本公开公开了一种波束失败检测方法、信息配置方法、终端及网络设备,其方法包括:接收用于波束失败检测的配置信息;根据配置信息,对目标波束对应的波束失败检测的定时器和/或计数器进行预设操作;其中,目标波束为终端支持的波束中的一个,或者终端支持的带宽部分BWP对应的波束。

Description

波束失败检测方法、信息配置方法、终端及网络设备
相关申请的交叉引用
本申请主张在2018年4月16日在中国提交的中国专利申请No.201810338768.8的优先权,其全部内容通过引用包含于此。
技术领域
本公开涉及通信技术领域,尤其涉及一种波束失败检测方法、信息配置方法、终端及网络设备。
背景技术
在第五代(5 th Generation,5G)移动通信系统,或称为新空口(New Radio,NR)系统中,支持的工作频段提升至6GHz以上,最高约达100GHz。高频段具有较为丰富的空闲频率资源,可以为数据传输提供更大的吞吐量。为达到下行链路传输速率20Gbps,上行链路传输速率10Gbps的目标,高频天线和更大规模、更多天线端口的MIMO技术将被引入。高频信号的波长短,同低频段相比,能够在同样大小的面板上布置更多的天线阵元,利用波束赋形技术形成指向性更强、波瓣更窄的波束,大规模(Massive)MIMO技术使用大规模天线阵列,能够极大地提升系统频带利用效率,支持更大数量的接入用户。
在高频段通信系统中,由于无线信号的波长较短,较容易发生信号传播被阻挡等情况,导致信号传播中断。如果采用现有技术中的无线链路重建,则耗时较长,因此引入了波束失败恢复(Beam Failure Recovery,BFR)机制。
另外,在5G系统中,终端可能只能支持一个比较小的工作带宽(如5MHz),而网络设备侧的一个小区会支持比较大的带宽(如100MHz),该大带宽中的终端工作的小带宽部分则认为是带宽部分(Bandwidth Part,BWP)。网络设备侧可配置终端支持1个或多个BWP,并可通过BWP切换(switching)命令来变换终端当前激活的BWP,即激活新的BWP并去激活当前的激活BWP。额外的,5G系统中,终端还可能支持多个波束。
而当前波束失败检测过程中,终端对于每一个小区仅维护一个波束失败检测定时器和计数器,那么终端无论检测到多个BWP中哪个BWP对应的波束,或多个波束中哪个波束发生波束失败示例,均会控制波束失败检测计数器加1,例如终端对应波束1和波束2,当波束1工作时,终端检测到波束1发生波束失败示例4次,当切换至波束2工作时,终端又检测到波束2发生波束失败示例1次,那么终端控制波束失败检测计数器计数5次,并确定发生波束失败事件。
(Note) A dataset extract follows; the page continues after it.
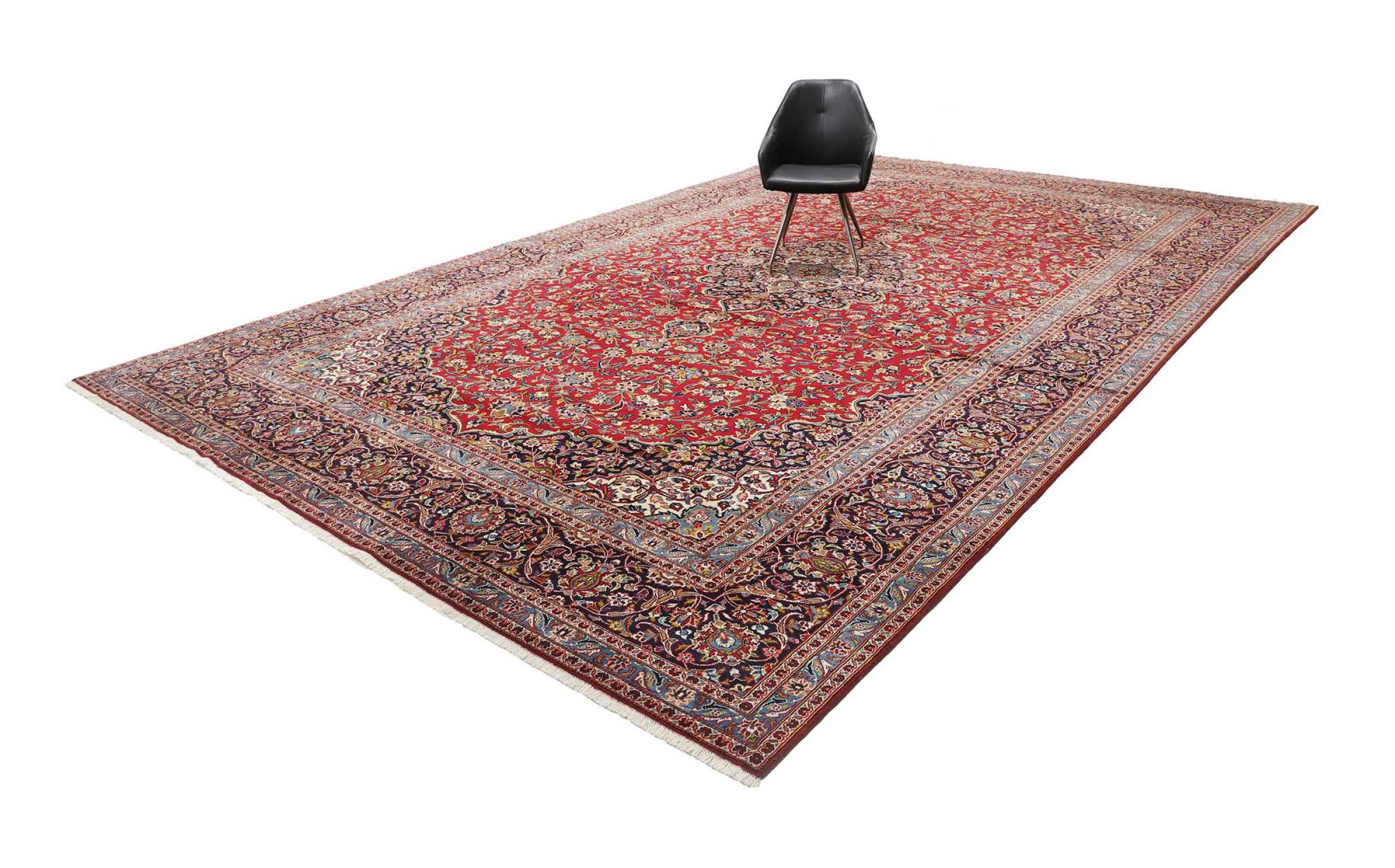 Tämä Kashanista (Keshan) kotoisin oleva matto on hyvin perinteinen ja tyypillinen persialainen muotoilu kauniilla koristeilla. Kashan-matot ovat erittäin suosittuja poikkeuksellisen tyylikkään muotoilunsa ansiosta. Nämä matot ovat peräisin Kashanista, muinaisen Silkkitien varrella sijaitsevasta kaupungista. Tämä matto on solmittu käsin korkealaatuisesta lampaanvillasta, ja se tulee olemaan ainutlaatuinen kohokohta kotiisi.

而实际上波束2发生过波束失败示例次数较少,其波束质量较好,但终端采用现有的波束失败检测机制,会误确定为波束1和波束2均不可用,波束失败检测结果准确率较低。
发明内容
本公开实施例提供了一种波束失败检测方法、信息配置方法、终端及网络设备,以解决现有技术中波束失败检测的准确率低的问题。
第一方面,本公开实施例提供了一种波束失败检测方法,应用于终端侧,包括:
接收用于波束失败检测的配置信息;
根据配置信息,对目标波束对应的波束失败检测的定时器和/或计数器进行预设操作;其中,目标波束为终端支持的波束中的一个,或者终端支持的带宽部分BWP对应的波束。
第二方面,本公开实施例还提供了一种终端,包括:
接收模块,用于接收用于波束失败检测的配置信息;
处理模块,用于根据配置信息,对目标波束对应的波束失败检测的定时器和/或计数器进行预设操作;其中,目标波束为终端支持的波束中的一个,或者终端支持的带宽部分BWP对应的波束。
第三方面,本公开实施例提供了一种终端,终端包括处理器、存储器以及存储于存储器上并可在处理器上运行的程序,程序被处理器执行时实现上述的波束失败检测方法的步骤。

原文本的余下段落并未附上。